6. Nie popadaj w paranoję
Co prawda odpowiednia ilość snu jest niezwykle ważna, ale powiedzmy sobie szczerze – jedna nieprzespana noc nikomu zbytnio nie zaszkodzi. Miałeś raz problemy z zaśnięciem? Zamiast przesadnie rozpaczać nad konsekwencjami, uznaj, że następnej nocy wszystko wróci do normy. Jeśli jednak nieprzespane noce zdarzają się coraz częściej, być może najwyższy czas coś z tym zrobić. Na przykład udać się do terapeuty.
7. Złóż wizytę terapeucie
Cierpisz na chroniczną bezsenność? Jeśli tak, istnieje wysokie prawdopodobieństwo, że twoim problemem jest depresja lub zaburzenia lękowe. Naukowcy nie są do końca pewni, czy jedno jest przyczyną drugiego, ale wydają się być zgodni – między tymi schorzeniami zachodzi pewna korelacja. Jeśli masz regularne kłopoty z zaśnięciem, niezależnie, czy podejrzewasz u siebie powyższe rzeczy, wizyta u terapeuty może przynieść wiele korzyści. Dobry specjalista pomoże ci odkryć przyczyny bezsenności i dokonać zmian, których efektem będzie łatwiejsze zasypianie.
8. Jeśli nie możesz zasnąć, wstań z łóżka
Mój znajomy ma ciekawy patent na zamartwianie się przed snem.
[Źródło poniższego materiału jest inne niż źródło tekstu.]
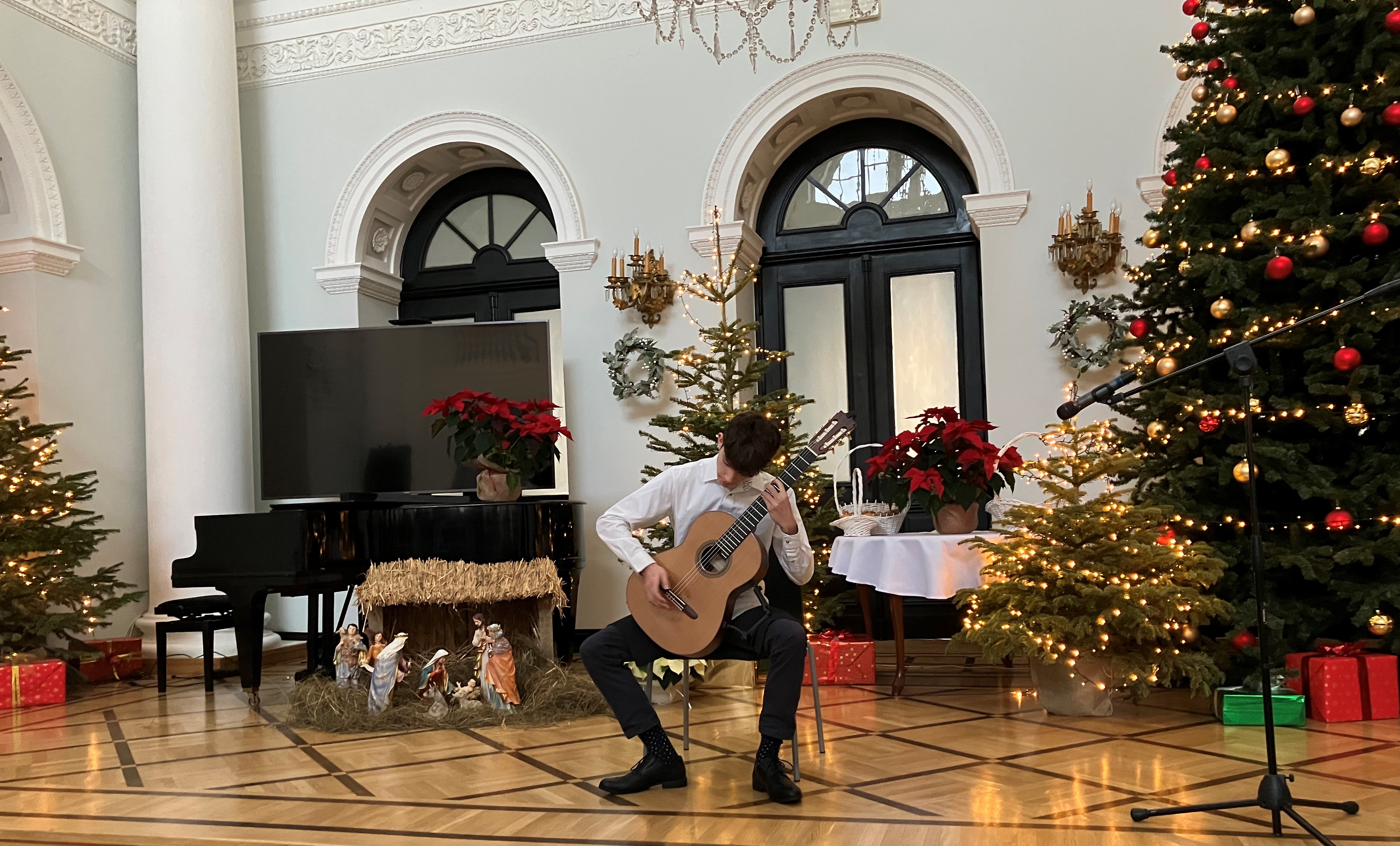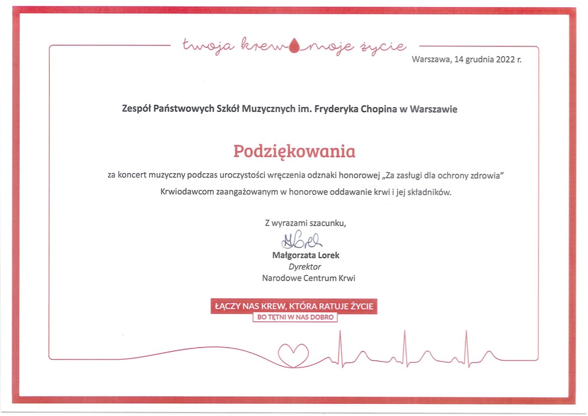 W środę 14 grudnia 2022 uczeń naszej szkoły - Piotr Krawczykiewicz z klasy gitary Andrzeja Olewińskiego - wystąpił w gmachu Ministerstwa Zdrowia przy ul. Miodowej 15 podczas uroczystości wręczenia odznaczeń zasłużonym honorowym dawcom krwi z całej Polski.
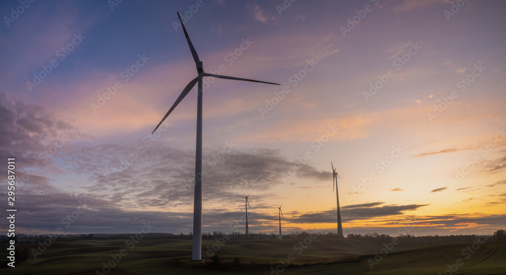 windmills on a field in Germany during a beautiful multicolored sunrise
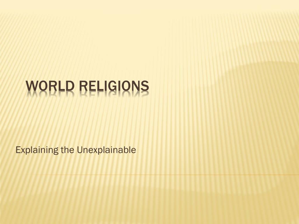 Explaining the Unexplainable. World Religions. Relationship with a Deity Deity – god figure Expression of Goodness Sacred Frame of Mind Moral Exchange of Power Ethical Practice Set of Beliefs and Practices. What is Religion?. Atheistic - no deity Monotheistic - one deity
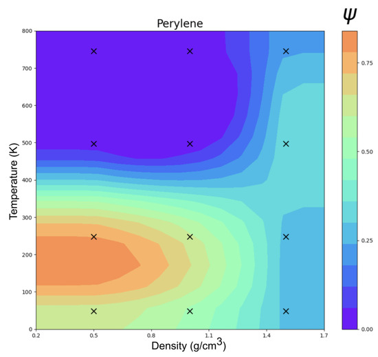 The ordering ( Ψ ) of perylene modeled with ESP-UA as a function of temperature and density is summarized in Figure 3. Consistent with Ref. [20], the most ordered structure (T = 250 K and ρ = 0.5 g/cm3) exhibited significant π -stacking, which is visible in Figure 4. At lower temperatures, we observed a transition from highly ordered to less ordered as the density increased, which is also in agreement with prior work. This is due to the steric hindrance of having a high number of molecules in a restricted volume, as has also been observed in prior work.
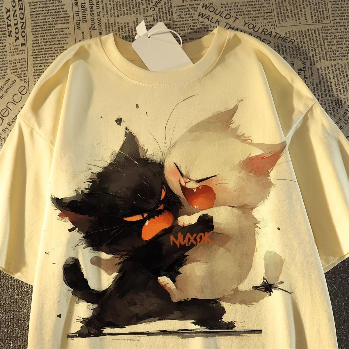 Футболка Harajuku Oversize, высокое качество, 200 г, 100% хлопок, футболка, летняя, 2025 г., забавная футболка с принтом мультяшного кота для женщин, одежда, топы Y2k, уличная одежда M бежевый

Jeśli widzi, że od dłuższego czasu nie może zasnąć, wstaje z łóżka i zajmuje się czymś przez chwilę dotąd, aż poczuje zmęczenie. Najczęściej przechodzi do innego pokoju i czyta książkę, a innym razem po prostu wygląda przez okno. Jak twierdzi, migoczące światła miasta szybko go nużą.
9. Przygaś światła w mieszkaniu
Tak, jak migoczące światła gdzieś w oddali mogą cię łatwo znużyć, tak ekspozycja na jaskrawe oświetlenie, na przykład ekranu telewizora lub monitora komputera może skutecznie zaburzyć twój rytm dobowy. Warto zatem unikać oglądania TV, siedzenia przed laptopem lub gapienia się w nie tak wcale mały ekran smartfona już na 30 minut przed snem. Dodatkowo dobrze jest przygasić światło w mieszkaniu na godzinę przed snem, by dać sygnał własnemu ciału, że czas przestawić się na tryb nocny.
10. Stwórz własne rytuały
Czas na dwie godziny przed snem to u ciebie jeden wielki chaos? Wyobraź sobie tylko, że jeśli wypracujesz regularne nawyki snu, wówczas będziesz zasypiał jak dziecko. Zacznij przede wszystkim od chodzenia spać o stałych porach. Następnie, każde 30 minut przed zaśnięciem przeznacz na rutynowe rzeczy, które będziesz powtarzał każdego dnia. Niech będą to aktywności, które maksymalnie przygotują cię do snu, na przykład wzięcie aromatycznej, relaksującej kąpieli, czytanie książki lub uprawianie seksu.